The Llama text-generator is provided by meta. To download the Huggingface version, you need to register for using the Llama-2 models on meta and an access key of Huggingface. After downloading this model for instance on JupyterHub and caching it to your usershare or scratch directory, you can access it on PALMA. The smallest model might be too big for JupyterHub and crash your Kernel but it might be a convenient way to download it.

If you got that, see the llama.py script and the corresponding job script. The only change in the python file is the model selection. This way you can change your script for whatever Huggingface text-generation model you want to use.

Beyond text generation

There are many other types of models available on Huggingface. They all work with similar pipelines. You can check on the model card (top right </> Use in transformers) how to load the models and how to build a pipeline. For the pipeline due to the caching issues, use a similar approach as above. (Remember to set local_files_only=False when downloading the models!)

Then you need to check, how to provide the pipeline with input and how the output looks like. This should also be provided in the model card. For instance the following can be used for text-classification:

from transformers import AutoTokenizer, AutoModelForSequenceClassification

del text_generation_pipe

model_checkpoint = "facebook/bart-large-mnli"

tokenizer = AutoTokenizer.from_pretrained(model_checkpoint, cache_dir=cache_dir, local_files_only=True)
model = AutoModelForSequenceClassification.from_pretrained(model_checkpoint, cache_dir=cache_dir, local_files_only=True)
model =  model.to(device)

classifier = pipeline(
    "zero-shot-classification",
    model=model,
    tokenizer=tokenizer,
    device = device
)
sequence_to_classify = "Given our strong start to 2021 and underlying acquisition retention and monetization of players we are increasing our guidance to $1.05 billion to $1.15 billion of revenue for 2021 which equates to year-over-year growth of 63% to 79% and a 16% increase compared to the midpoint of our prior guidance."
candidate_labels = ['increase', 'decrease']

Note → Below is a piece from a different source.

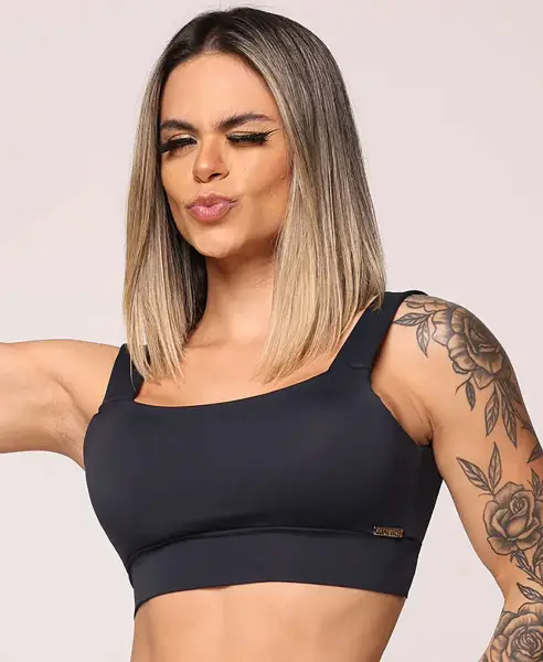 Top Faixa Preto com Bojo Removível

result = classifier(sequence_to_classify, candidate_labels)

print(result)
from transformers import AutoTokenizer, AutoModelForQuestionAnswering
model_checkpoint = "consciousAI/question-answering-roberta-base-s-v2"
del classifier

tokenizer = AutoTokenizer.from_pretrained(model_checkpoint, cache_dir=cache_dir, local_files_only=True)
model = AutoModelForQuestionAnswering.from_pretrained(model_checkpoint, cache_dir=cache_dir, local_files_only=True)
model =  model.to(device)

question_answerer = pipeline(
    "question-answering",
    model=model,
    tokenizer=tokenizer,
    device = device
)
sentence = "Our active customer count grew by 57% over the first quarter of last year to reach $33 million; and we delivered 14.7 million orders 49% more than the year prior"
question = "How many orders?"
result = question_answerer(question=question, context=sentence)
print(result)

You can also use multiple questions (on multiple texts) iterating through the pipeline.

import pandas as pd

df = pd.DataFrame({'text': [sentence] * 3,'question' : ['how many orders?', 'how many customers?', 'how much revenue?']})


def prompts():
    for i, row in df.iterrows():
        yield {'context': row['text'], 'question': row['question']}


for answer in question_answerer(prompts()):
    print(answer['answer'])

Now you can use Huggingface models! Further models for audio recognition or image recognition will need some other packages like OpenCV, which could also be in the toolchain of PALMA.